Abstract
Previous research points to the heritability of risk-taking behavior. However, evidence on how genetic dispositions are translated into risky behavior is scarce. Here, we report a genetically-informed neuroimaging study of real-world risky behavior in a large European sample (N=12,675). We found negative associations between risky behavior and grey matter volume (GMV) in distinct brain regions, including amygdala, ventral striatum, hypothalamus and dorsolateral prefrontal cortex (dlPFC). Polygenic risk scores for risky behaviors, derived from a genome-wide association study in an independent sample (N=297,025), were inversely associated with GMV in dlPFC, putamen, and hypothalamus. This relation mediated ∼2.2% of the association between genes and behavior. Our results highlight distinct heritable neuroanatomical features as manifestations of the genetic propensity for risk taking.

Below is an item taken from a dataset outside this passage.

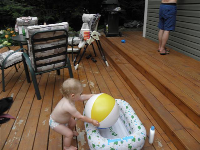 Then he tried out his new climbing structure - he likes sliding! He loved chasing around the backyard after the brand new ball his parents got for him at their visit to Canadian Tire on the way over. Then he tried out the garage Barbara found a a recent neighbourhood garage sale.

One Sentence Summary Risky behavior and its genetic associations are linked to lower grey matter volume in distinct brain regions.
Footnotes
↵1 Self-reports of the number of sexual partners have been implicated in risky behaviors related to alcohol abuse (i.e., binge drinking) and unprotected sex, specifically in young adults (8), irrespective of gender or sexual orientation.
↵2 In Karlsson Linnér et al. (2019), the phenotype ‘risky behavior’ as defined here was referred to as the ‘first PC of the four risky behaviors’.
↵3 These IDPs were extracted using parcellations from the Harvard-Oxford cortical and subcortical atlases and Diedrichsen cerebellar atlas, and consists of all the GMV IDPs derived by the UKB as for August 2019.